URLs du Jour

2022-03-02

  • Biden's lips moved, so… Eric Boehm does the SOTU analysis at Reason, and summarizes: Biden Tries To Twist His Domestic Agenda Into a Form Joe Manchin Will Support. I wish him bad luck with that. But I found this bit to be… OK, let's say amusing:

    As [Biden] made clear a few moments later, promising that "by the end of this year, the deficit will be down to less than half what it was before I took office," and following up by claiming that he would be "the only president ever to cut the deficit by more than one trillion dollars in a single year."

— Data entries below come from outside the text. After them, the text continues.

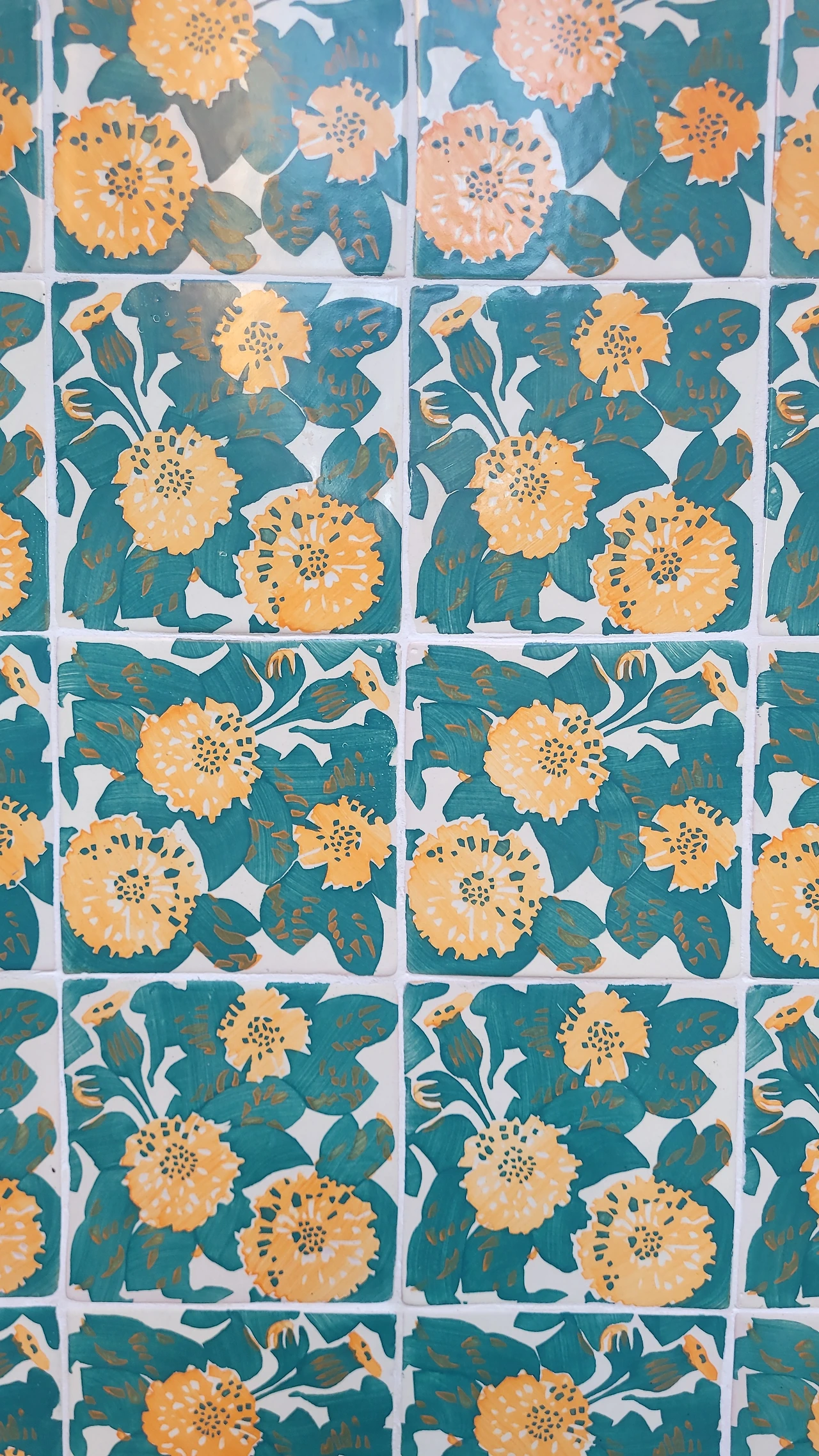 건물의 내외벽에는 많은 타일이 사용되었다. 건축주가 타일 관련 사업을 해서 재고로 있던 타일을 아낌없이 사용하여 지었다. 외관이 마치 실내 벽지처럼 타일은 미적인 아름다움만 아니라 건물의 품격을 높이는 데 일조한 것으로 보인다.
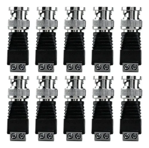 Kit com 10 conectores BNC macho com borne da marca Conex 1000. Ideal para instalação de câmeras de segurança com cabos coaxiais, proporcionando conexão segura e prática.
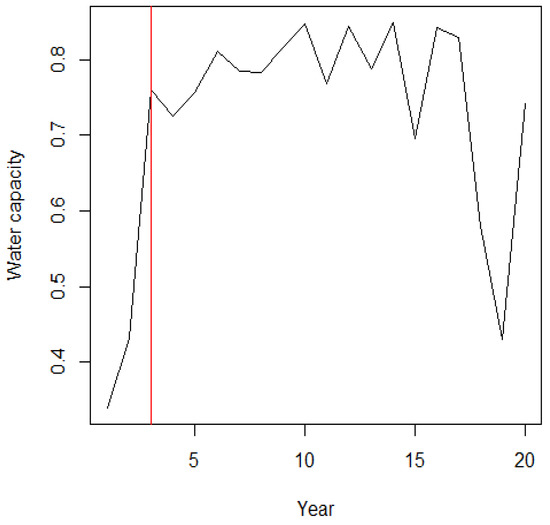 We applied the MIC test criteria of Equations (5)–(7). Under the null hypothesis , the is calculated as . Under the alternative hypothesis , is calculated as , which corresponds to . The corresponding estimated values of the parameters are , , , and with when using Equations (8) and (9). Since is less than , there is a change point occurring at position 3, which corresponds to the year 1993. According to Yates et al. [25], 1993 corresponded to a wet year in the Shasta reservoir, California. Figure 2 shows the dataset of monthly water capacity for the Shasta reservoir and the position of the change point.

    That's a clever little game. Thanks to pandemic spending, the federal budget deficit ballooned to over $3 trillion during 2020 and rang in at $2.8 trillion last year. As the pandemic passes and all that emergency spending comes off the books, the deficit is projected to fall to about $1.1 trillion this year before leveling off and then rising again:

    [follow the bouncing ball]

    That decline is not the result of anything Biden is proposing to do—and it doesn't mean that the underlying problems with the federal budget have been addressed.

    Biden is setting the lowest possible goal for deficit reduction, setting himself up to take credit for achieving it, and hoping that's enough to convince moderate Democrats to vote for more spending.

    Bottom line: I'm glad I watched Free Guy instead.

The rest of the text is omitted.